Data under study below:

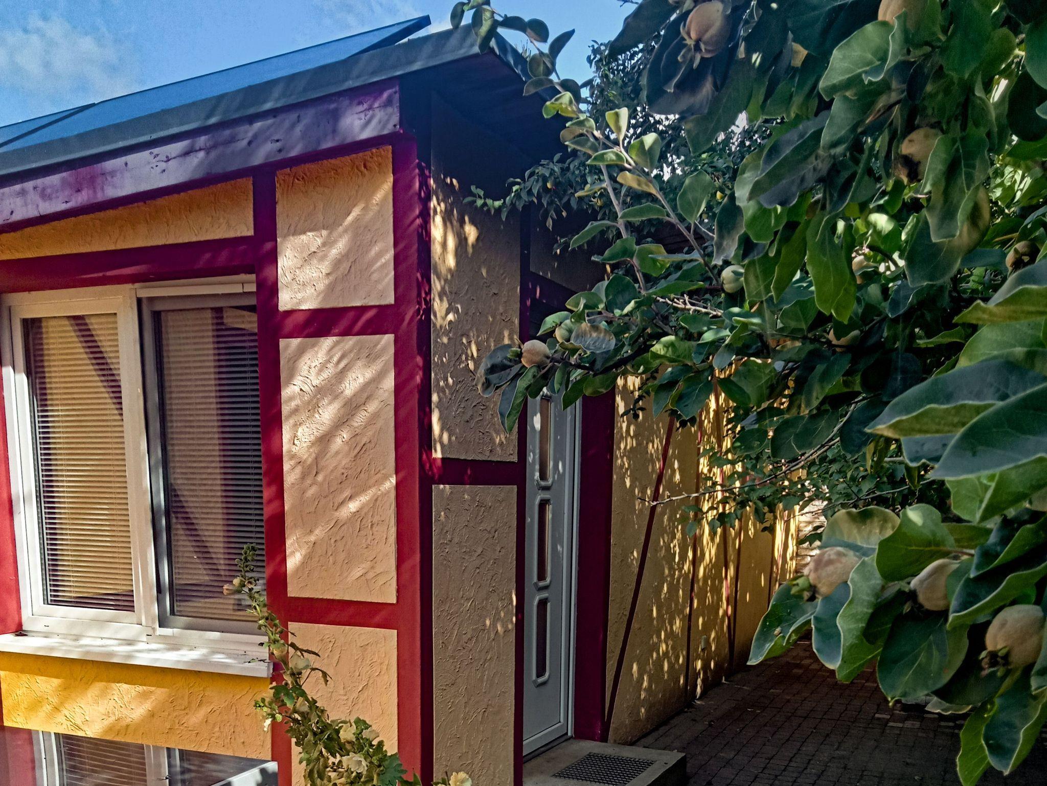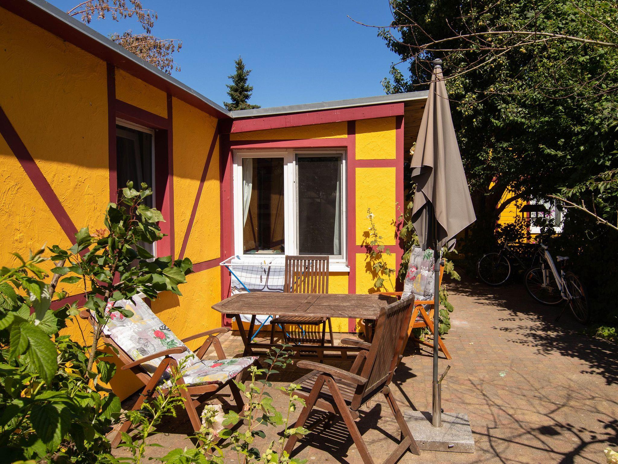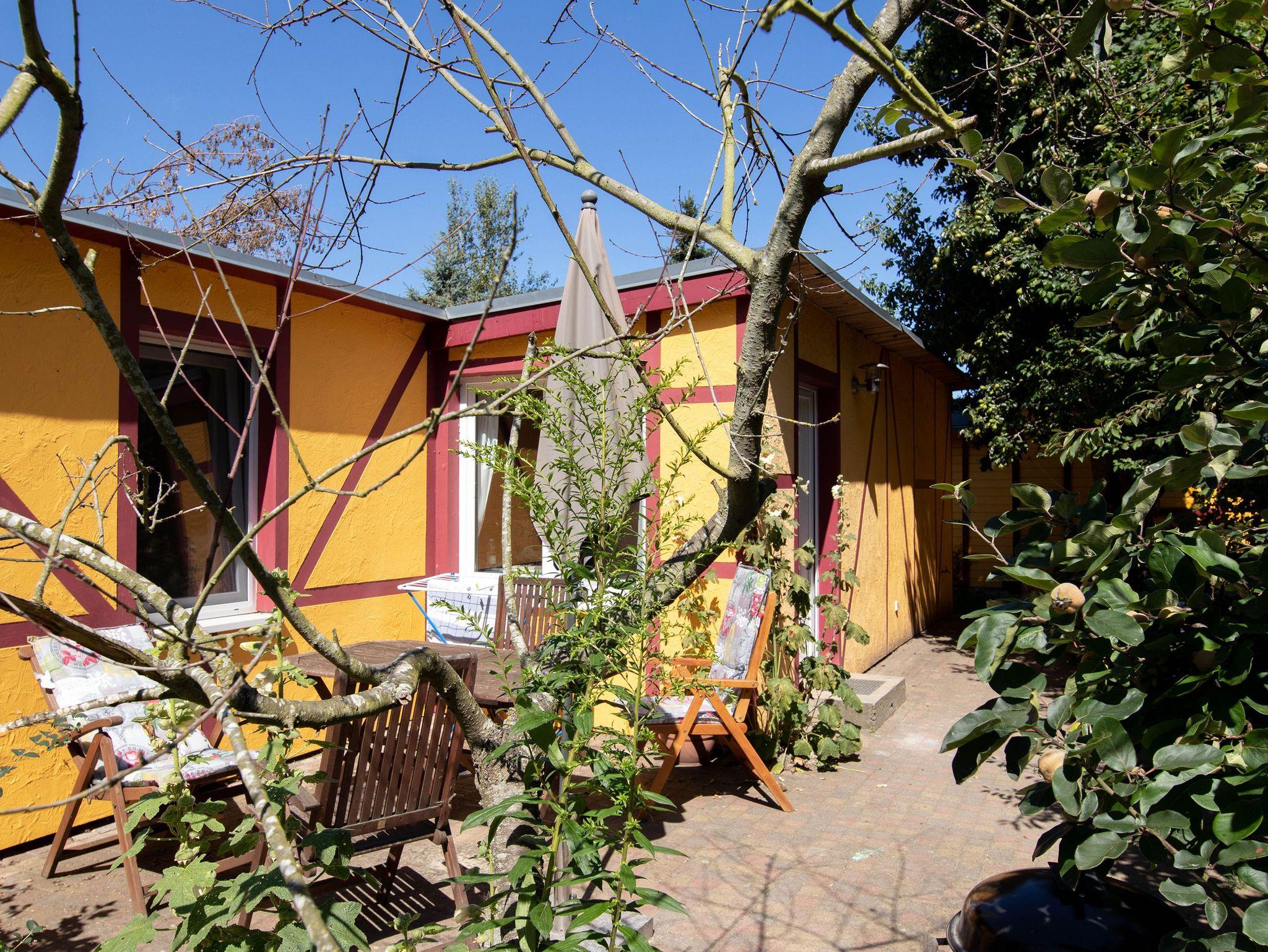Die eigene Terrasse mit Gartenmöbeln und Sonnenschirm lädt bei schönem Wetter zum Frühstück im Freien oder einem entspannten Abend ein. Gäste können das kostenfreie WLAN nutzen und bei Bedarf lässt sich im Schlafzimmer ein mitgebrachtes Kinderreisebett aufstellen. Der Hund der Vermieter lebt auf dem Grundstück und bewegt sich frei im Garten.
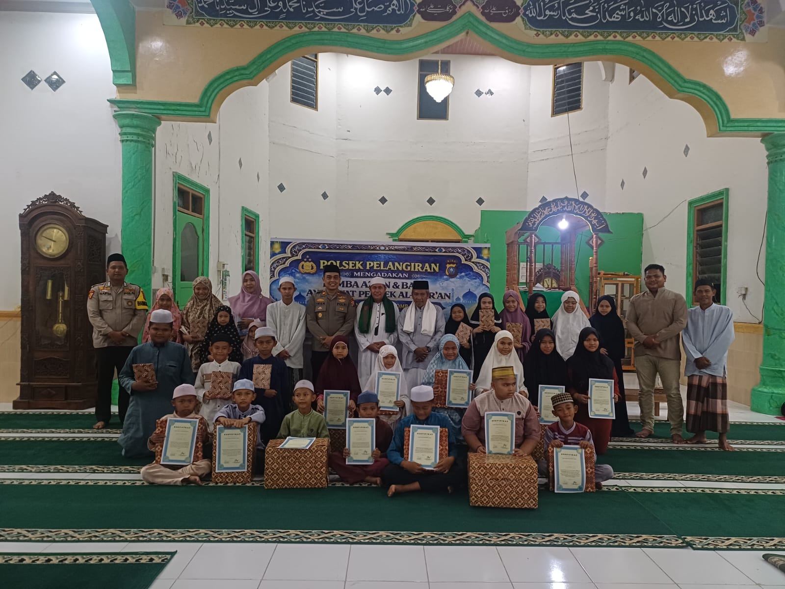 Kapolsek Pelangiran, Iwan Saputra, dalam sambutannya menyampaikan apresiasi kepada seluruh peserta yang telah menunjukkan semangat belajar dan mencintai Al-Qur’an sejak usia dini. Ia juga mengucapkan terima kasih kepada panitia serta pengurus masjid yang telah mendukung terselenggaranya kegiatan tersebut dengan baik.
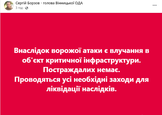 — За уточненою інформацією Повітряних Сил України, на території Вінницької області протиповітряна оборона працювала по 4 ворожих шахедах. Усі збили. Внаслідок протиповітряного бою уламки «Шахеда» пошкодили об'єкт критичної інфраструктури. Постраждалих немає. Наразі ведуться відповідні роботи щодо ліквідації наслідків, — пише Сергій Борзов
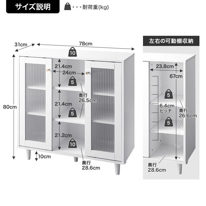 【耐荷重】天板:約10kg、中央収納棚:各約5kg、左右収納可動棚:各約5kg、底板:約10kg
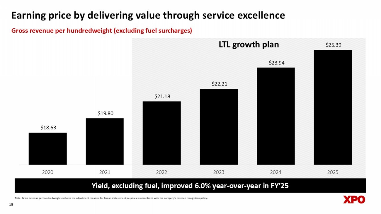 Investing in capacity that supports growth and high returns 14 Tractor age in years as of December 31 5.3 5.1 5.4 5.9 5.9 Note: Gross capex and revenue for North American LTL segment only. 1 Excludes the company’s December 2023 acquisition of 28 service centers. 5.0 1 Increased excess door capacity to more than 30% 4.1 LTL growth plan $601 $145 $197 $145 $197 $424 $581 $715 3.8% 5.2% 4.1% 4.8% 9.1% 12.4% 14.6% 12.4% 0.0% 2.0% 4.0% 6.0% 8.0% 10.0% 12.0% 14.0% 16.0% $- $200 $400 $600 $800 $1,000 2018 2019 2020 2021 2022 2023 2024 2025 Gross capex as a % of revenue Gross capex ($ millions) 3.7
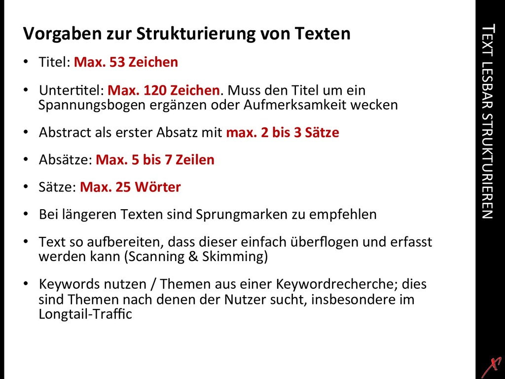 Max. 53 Zeichen • UnterQtel: Max. 120 Zeichen. Muss den Titel um ein Spannungsbogen ergänzen oder Aufmerksamkeit wecken • Abstract als erster Absatz mit max. 2 bis 3 Sätze • Absätze: Max. 5 bis 7 Zeilen • Sätze: Max. 25 Wörter • Bei längeren Texten sind Sprungmarken zu empfehlen • Text so au€ereiten, dass dieser einfach überflogen und erfasst werden kann (Scanning & Skimming) • Keywords nutzen / Themen aus einer Keywordrecherche; dies sind Themen nach denen der Nutzer sucht, insbesondere im Longtail-Traffic
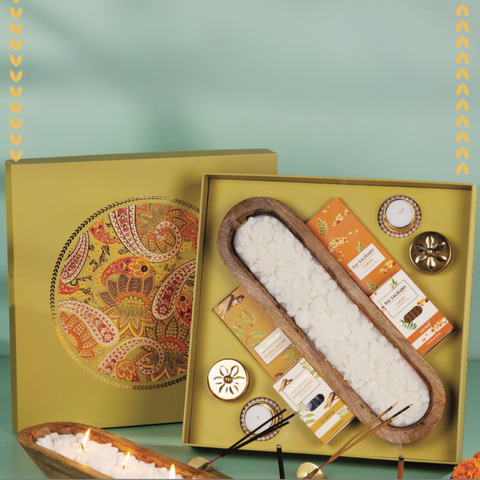 Tejal - Detail is her signature: whether bundling sweets or arranging soy-wax diyas, her precision ensures every hamper feels special.
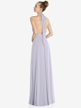 【NEW】【STYLE: 6865】ホルター バックレス マキシ ドレス クリスタル ボタン フリル プラケット【COLOR: Silver Dove】【SIZE: 00-30W】
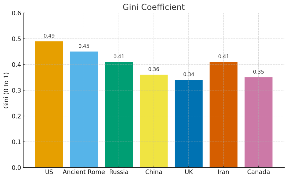 The Gini Coefficient is a measure of inequality in a society where 0 represents perfect equality and a score of 1 represents perfect inequality. Although there's no hard-and-fast rule, when it gets over a certain point, revolution becomes highly likely. Well, hang on to your pantaloons - the U.S. currently has a Gini Coefficient worse than Ancient Rome before its collapse.
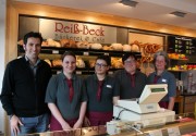 Björn Reiß und das Team der Bäckerei Reiß mit Lisa Wirbser, Maria Marcucci, Tina Weber und Filialleiterin Marion Finkbeiner (v.l.n.r.) freuen sich, mit den verlängerten Öffnungszeiten den Kunden am Kirchzartener Bahnhof einen erweiterten Service bieten zu können. Foto: Gisela Heizler-Ries

End of Data under study.

* What you have to do *
Every record above should be written out again exactly; the pictures stay out of the copy.

* Response to this exercise *
Die eigene Terrasse mit Gartenmöbeln und Sonnenschirm lädt bei schönem Wetter zum Frühstück im Freien oder einem entspannten Abend ein. Gäste können das kostenfreie WLAN nutzen und bei Bedarf lässt sich im Schlafzimmer ein mitgebrachtes Kinderreisebett aufstellen. Der Hund der Vermieter lebt auf dem Grundstück und bewegt sich frei im Garten.
 Kapolsek Pelangiran, Iwan Saputra, dalam sambutannya menyampaikan apresiasi kepada seluruh peserta yang telah menunjukkan semangat belajar dan mencintai Al-Qur’an sejak usia dini. Ia juga mengucapkan terima kasih kepada panitia serta pengurus masjid yang telah mendukung terselenggaranya kegiatan tersebut dengan baik.
 — За уточненою інформацією Повітряних Сил України, на території Вінницької області протиповітряна оборона працювала по 4 ворожих шахедах. Усі збили. Внаслідок протиповітряного бою уламки «Шахеда» пошкодили об'єкт критичної інфраструктури. Постраждалих немає. Наразі ведуться відповідні роботи щодо ліквідації наслідків, — пише Сергій Борзов
 【耐荷重】天板:約10kg、中央収納棚:各約5kg、左右収納可動棚:各約5kg、底板:約10kg
 Investing in capacity that supports growth and high returns 14 Tractor age in years as of December 31 5.3 5.1 5.4 5.9 5.9 Note: Gross capex and revenue for North American LTL segment only. 1 Excludes the company’s December 2023 acquisition of 28 service centers. 5.0 1 Increased excess door capacity to more than 30% 4.1 LTL growth plan $601 $145 $197 $145 $197 $424 $581 $715 3.8% 5.2% 4.1% 4.8% 9.1% 12.4% 14.6% 12.4% 0.0% 2.0% 4.0% 6.0% 8.0% 10.0% 12.0% 14.0% 16.0% $- $200 $400 $600 $800 $1,000 2018 2019 2020 2021 2022 2023 2024 2025 Gross capex as a % of revenue Gross capex ($ millions) 3.7
 Max. 53 Zeichen • UnterQtel: Max. 120 Zeichen. Muss den Titel um ein Spannungsbogen ergänzen oder Aufmerksamkeit wecken • Abstract als erster Absatz mit max. 2 bis 3 Sätze • Absätze: Max. 5 bis 7 Zeilen • Sätze: Max. 25 Wörter • Bei längeren Texten sind Sprungmarken zu empfehlen • Text so au€ereiten, dass dieser einfach überflogen und erfasst werden kann (Scanning & Skimming) • Keywords nutzen / Themen aus einer Keywordrecherche; dies sind Themen nach denen der Nutzer sucht, insbesondere im Longtail-Traffic
 Tejal - Detail is her signature: whether bundling sweets or arranging soy-wax diyas, her precision ensures every hamper feels special.
 【NEW】【STYLE: 6865】ホルター バックレス マキシ ドレス クリスタル ボタン フリル プラケット【COLOR: Silver Dove】【SIZE: 00-30W】
 The Gini Coefficient is a measure of inequality in a society where 0 represents perfect equality and a score of 1 represents perfect inequality. Although there's no hard-and-fast rule, when it gets over a certain point, revolution becomes highly likely. Well, hang on to your pantaloons - the U.S. currently has a Gini Coefficient worse than Ancient Rome before its collapse.
 Björn Reiß und das Team der Bäckerei Reiß mit Lisa Wirbser, Maria Marcucci, Tina Weber und Filialleiterin Marion Finkbeiner (v.l.n.r.) freuen sich, mit den verlängerten Öffnungszeiten den Kunden am Kirchzartener Bahnhof einen erweiterten Service bieten zu können. Foto: Gisela Heizler-Ries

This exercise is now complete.